Hacker News new | ask | show | jobs
by Kenji 3498 days ago
Unicode URLs are the devil. Too many indistinguishable characters. URLs should stay full ASCII imho. And I say that as someone whose language requires non-ASCII symbols.

Or, in Bruce Schneier's words: "Unicode is just too complex to ever be secure."

1 comments

But think about the poor underrepresented folks using foreign character sets?

You really need to support this 'sub café {} café()' => Undefined subroutine café in your friendly and social programming language, otherwise you will be accused of discrimination. Of course the two é are not normalized.

Which unicode-friendly language does really check for mixed script confusables? Java only is my guess. Even perl6 falls into this trap.

http://unicode.org/reports/tr39/#Mixed_Script_Confusables

When it is just accents, it's ok.

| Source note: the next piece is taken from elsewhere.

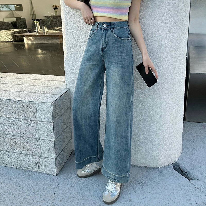 Korean stretch high-waisted 9-inch jeans for women, Spring 2025 new style straight-leg loose wide-leg pants, casual grandma pants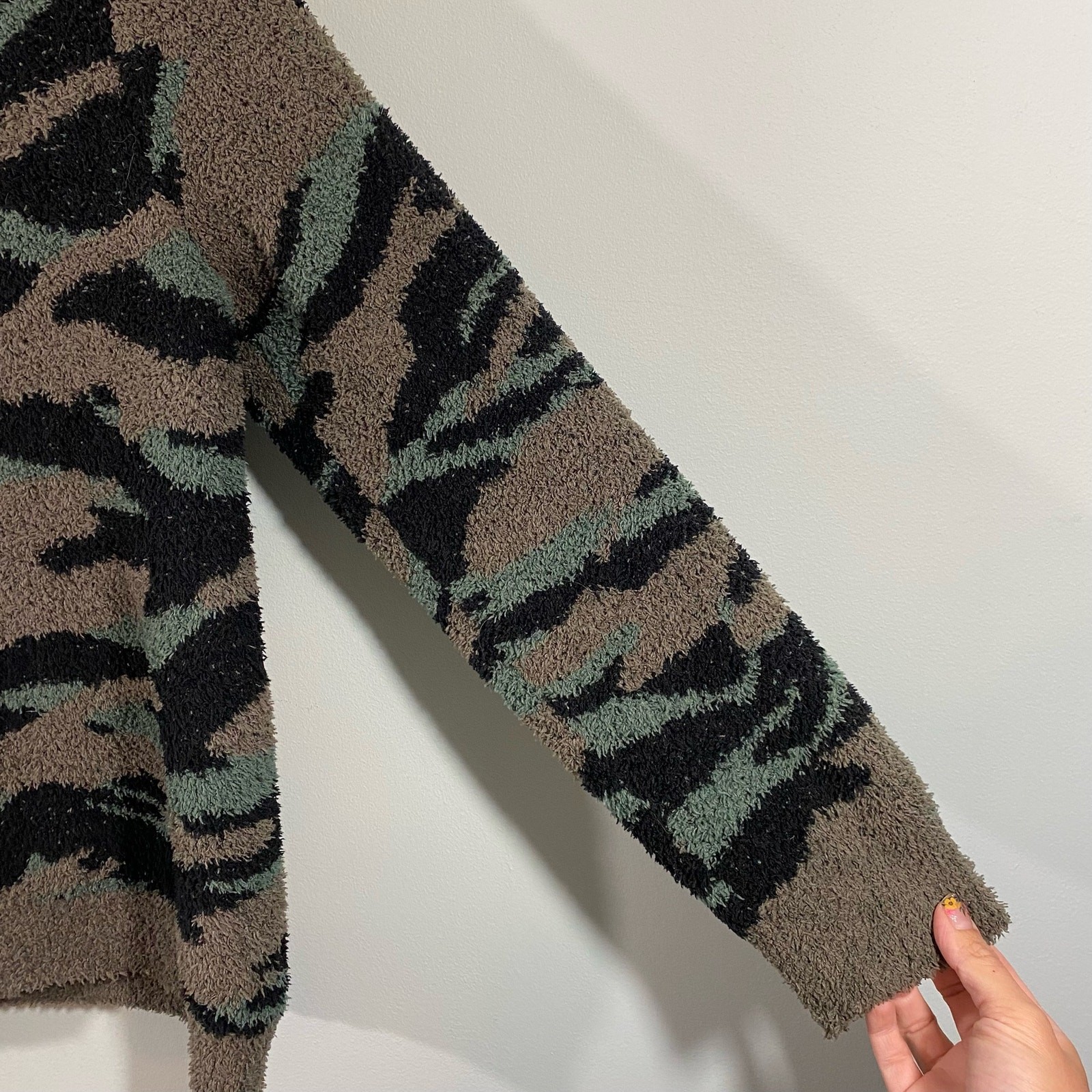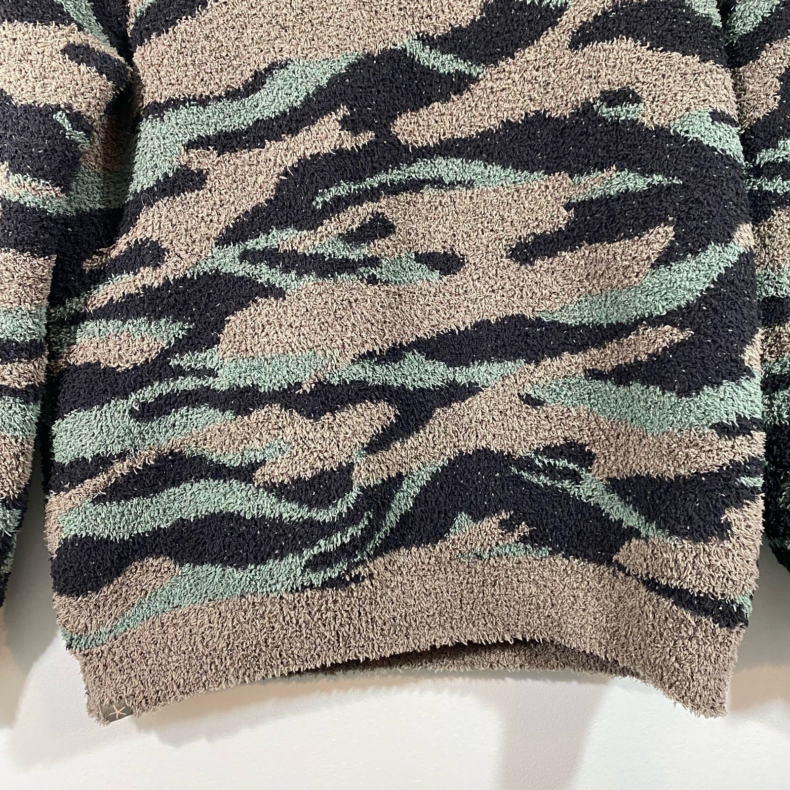 как выглядит Barefoot Dreams Cozy Chic Womens Green Camo Fuzzy Pullover Sweater Size M фото

But when your users have a language that uses à radically different alphabet, sometimes they can't even read Latin transliterations.
agree. but then you need to declare your exoting encoding somehow, such as in perl via use encoding 'greek'; and then the parser does not need to guess about mixed scripts encodings on every identifier. there's only latin and greek valid, everything else invalid.

how many languages even check for mixed script confusables? for dynamic languages this check is much too expensive, but they are leading the "good cause", allowing everything, and checking nothing.